Le regard d’André Liechti sur la conférence des membres du PS60+ du 13 juin 2025

Alors que le PS60+ consacre ses réflexions annuelles au système de santé, je me souviens avoir lu dans l’édition du 28 février du journal 24heures, que le professeur Arnaud Perrier, le nouveau président de l’Académie suisse des sciences médicales, constate que « le système de santé suisse s’essouffle ». Il évoque en particulier le manque de mesures de prévention.

par André Liechti, délégué du PS60+ vaudois

Au même moment, le journal Le Temps nous apprenait que l’Office fédéral de la santé publique doit économiser 11 millions de francs. Ces mesures d’économie décidée par le Conseil fédéral et le parlement toucheront en particulier la prévention. J’ose espérer que notre camarade Elisabeth Baume-Schneider s’est battue bec et ongles contre ces mesures qui vont à l’encontre d’une politique de santé cohérente et efficiente.

Lorsque des questions politiques de fond se posent à moi, je questionne souvent les écrits d’un penseur et philosophe de la politique qui m’accompagne depuis les années 1970 : André Gorz, cofondateur avec Jean Daniel de l’hebdomadaire Le Nouvel Observateur en 1964 dans lequel il écrivait sous le pseudonyme de Michel Bosquet. Pour qui souhaite en savoir plus sur la vie et l’œuvre d’André Gorz, Willy Gianinazzi lui a consacré une belle biographie.

Un film, « Lettre à G. », que l’on peut visionner sur « YouTube » retrace de manière délicate et sensible le parcours de vie d’André Gorz.

Inspiré par les thèses d’Ivan Illich, André Gorz est considéré comme un théoricien majeur de l’écologie politique. Il développa ses idées dans le mensuel Le Sauvage, auquel j’étais abonné et dont la diffusion a cessé depuis longtemps, avant de rassembler ses écrits dans un ouvrage de référence Écologie et politique (1975) augmenté de Écologie et liberté (1977).

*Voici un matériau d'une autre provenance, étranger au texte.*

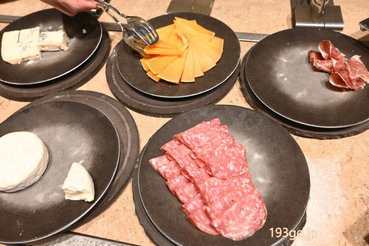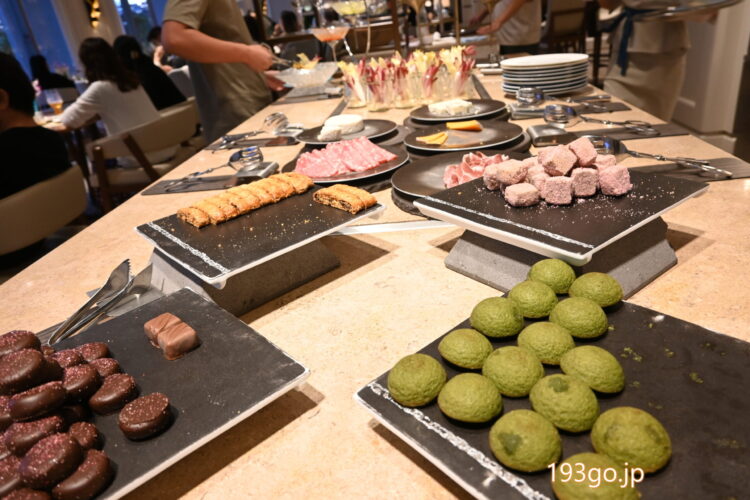 17:30〜19:30のカクテルタイムには、シャンパン、ワイン、ビールなどのアルコールの提供と、ビュッフェ台に、ハムやチーズ、ナチョス、フルーツに焼き菓子、チョコレートなどが並び、更にテーブルではシェフ特製カナッペがサーブされた。
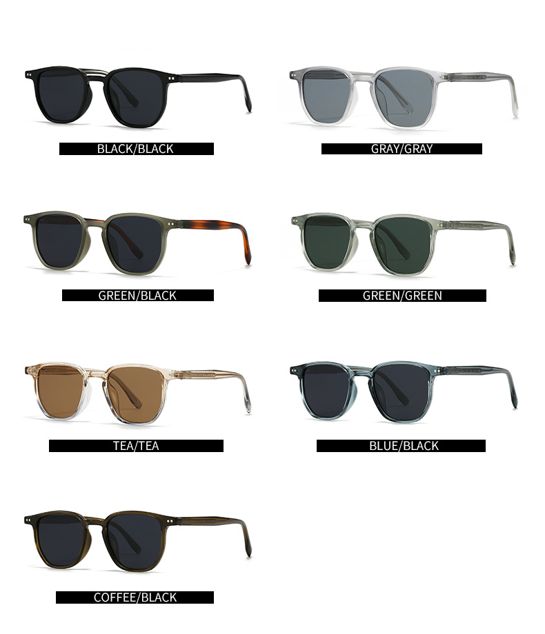 C1 ブラック ブラック グレー,C2 上部グレー、下部透明ライトグレー,C3 グリーンフレーム ブラックグレーおから足,C4透明グリーンフレームグリーンフィルム,C5 上茶と下灰茶タブレット,C6 ブルーフレーム ブラックグレー,C7 オリーブグリーン ブラックグレー
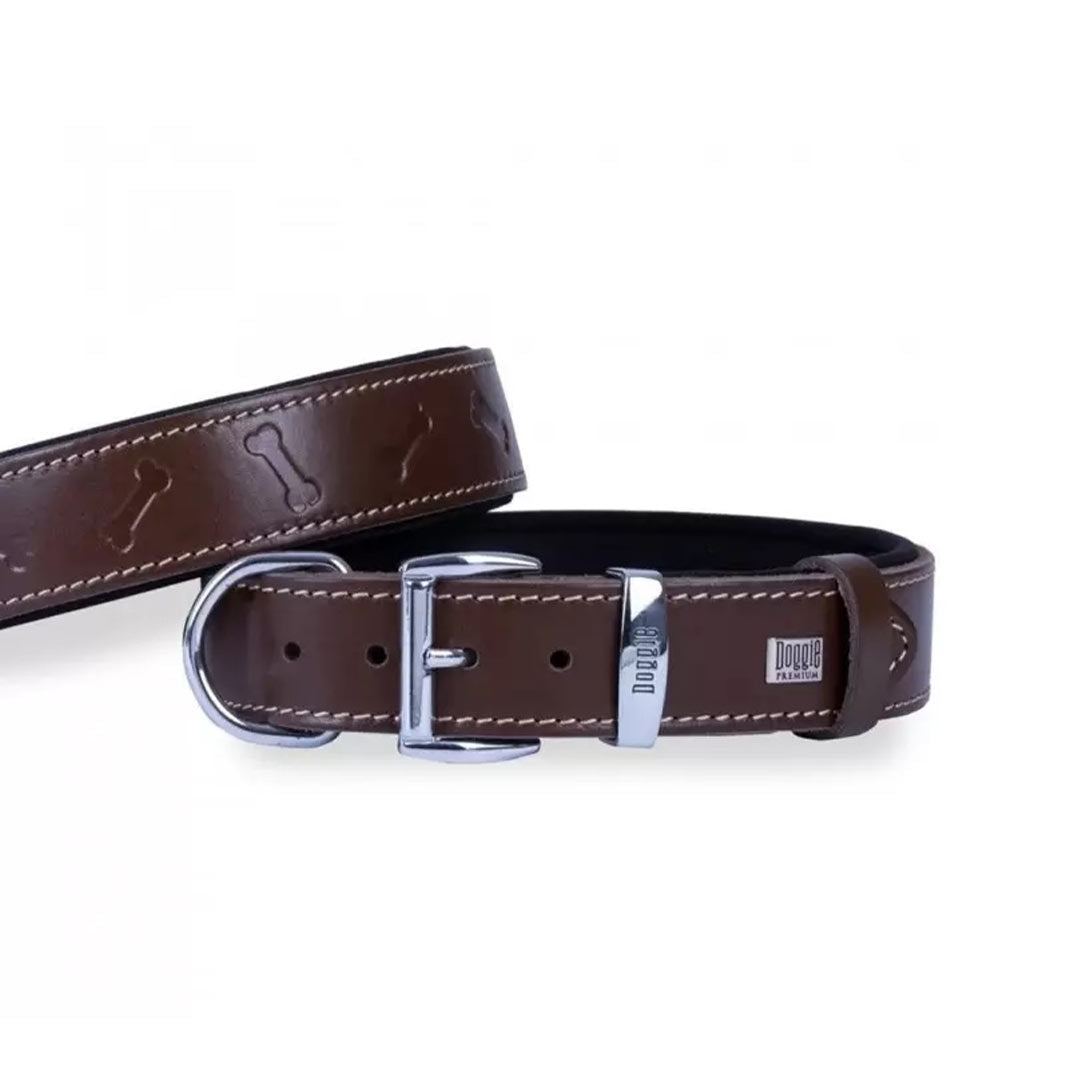 Doggie Konforlu Gerçek Deriden El Yapımı Kemik Desenli Kahverengi Köpek Boyun Tasması 4x57-65cm

André Gorz a consacré le chapitre quatre de son livre à la question de la santé sous le titre « Médecine, santé et société ». Il introduit ses réflexions révolutionnaires, en déclarant vouloir :

« inciter les gens non pas à refuser tous les médicaments et soins médicaux, mais à reprendre le pouvoir sur leur maladie, sur leur corps et leur esprit. Qu’ils mettent en cause tout ce qui les rend malades dans leur vie quotidienne : l’école, l’usine, le pavillon à crédit, le couple, etc. »

Et il ose affirmer :

« En incitant les gens à porter leur maladie chez le médecin, la société les détourne de s’en prendre aux raisons fondamentales et permanentes de leur mal-être. En traitant les maladies comme des anomalies accidentelles et individuelles, la médecine en masque les raisons structurelles, qui sont sociales, économiques, politiques. Elle devient une technique pour faire accepter l’inacceptable. »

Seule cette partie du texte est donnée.